2016-06-12

MONGODB的BASIC INDEXES 和 COMPOUND INDEXES 研究

前几天看到一个关于 MongoDB 深入索引的PPT

仔细的从头看到尾, 里面有个关于Compound Indexes的Range and Equality的讲解,在ppt第129页,重新回顾下这个例子.向一个collection中插入 9 条数据,像下面这样:


> db.good.find()
{ "_id" : ObjectId("4e8d629d8ad8bdf2ed6c1990"), "x" : 1, "y" : "b" }
{ "_id" : ObjectId("4e8d62a38ad8bdf2ed6c1991"), "x" : 3, "y" : "d" }
{ "_id" : ObjectId("4e8d62ad8ad8bdf2ed6c1992"), "x" : 4, "y" : "g" }
{ "_id" : ObjectId("4e8d62b28ad8bdf2ed6c1993"), "x" : 5, "y" : "c" }
{ "_id" : ObjectId("4e8d62ba8ad8bdf2ed6c1994"), "x" : 6, "y" : "a" }
{ "_id" : ObjectId("4e8d62c18ad8bdf2ed6c1995"), "x" : 7, "y" : "e" }
{ "_id" : ObjectId("4e8d62ce8ad8bdf2ed6c1996"), "x" : 8, "y" : "c" }
{ "_id" : ObjectId("4e8d62d38ad8bdf2ed6c1997"), "x" : 9, "y" : "f" }
{ "_id" : ObjectId("4e8d719a6cee6416a5a75a43"), "x" : 5, "y" : "d" }

然后给x 和 y进行联合索引


db.good.ensureIndex({x:1,y:1})

我们来进行这样的查找


> db.good.find({x:{$gte:4}, y:’c’}).explain()
{
    "cursor" : "BtreeCursor x_1_y_1",
        "nscanned" : 7,
        "nscannedObjects" : 2,
        "n" : 2,
        "millis" : 0,
        "nYields" : 0,
        "nChunkSkips" : 0,
        "isMultiKey" : false,
        "indexOnly" : false,
        "indexBounds" : {
            "x" : [
                [
                    4,
                    1.7976931348623157e+308
                ]
            ],
            "y" : [
                [
                    "c",
                    "c"
                ]
            ]
        }
}

可以看出 nscanned 非常高! 而 n只有 2 .官网上有这样一句话:

If nscanned is much higher than nreturned, the database is scanning many objects to find the target objects. Consider creating an index to improve this.

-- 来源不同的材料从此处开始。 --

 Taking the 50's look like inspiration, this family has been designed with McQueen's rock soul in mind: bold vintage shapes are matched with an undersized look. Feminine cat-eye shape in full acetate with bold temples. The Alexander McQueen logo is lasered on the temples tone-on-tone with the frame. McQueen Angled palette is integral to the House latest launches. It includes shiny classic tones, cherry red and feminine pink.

这里nscanned可以认为是扫描的记录数.n为返回的记录数

让我们配合PPT看下 nscanned:7是怎么来的:

BTree

这是MongoDB的B-tree索引树,因为x>=4 && y=’c’,所以先选择左枝搜索,左枝搜索了4/g 和 5/c ,(5/c符合条件),然后搜索右枝搜索了 7/e, 6/a ,8/c, 9/f ,(8/c符合条件). 任何符合的 x都要被check一下.

###延伸

看了PPT后到此结尾了, 真遇到这种情况,效率可不乐观,于是稍微思考了下, y 在这颗树中只有两个节点含有,也就是说既然是 ‘与’ 那就只要先把 y 筛选出来 ,搜索次数就大大减半了 .

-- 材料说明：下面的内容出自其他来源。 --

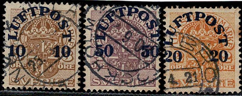 ◉ SUÉCIA – Aéreos 1/3 – 1ª série sérea completa – Pontos de ferrugem – 51 Euros.

我们在 y 上再进行Basic Indexes 的建立.


db.good.ensureIndex({y:1})

这样如果搜索时会先搜索 y ,也就只有2次搜索了.看下实际情况:


> db.good.find({x:{$gte:4}, y:’c’}).explain()
{
    "cursor" : "BtreeCursor y_1",
        "nscanned" : 2,
        "nscannedObjects" : 2,
        "n" : 2,
        "millis" : 0,
        "nYields" : 0,
        "nChunkSkips" : 0,
        "isMultiKey" : false,
        "indexOnly" : false,
        "indexBounds" : {
            "y" : [
                [
                    "c",
                    "c"
                ]
            ]
        }
}

正如预料的一样. 直接走基本索引了.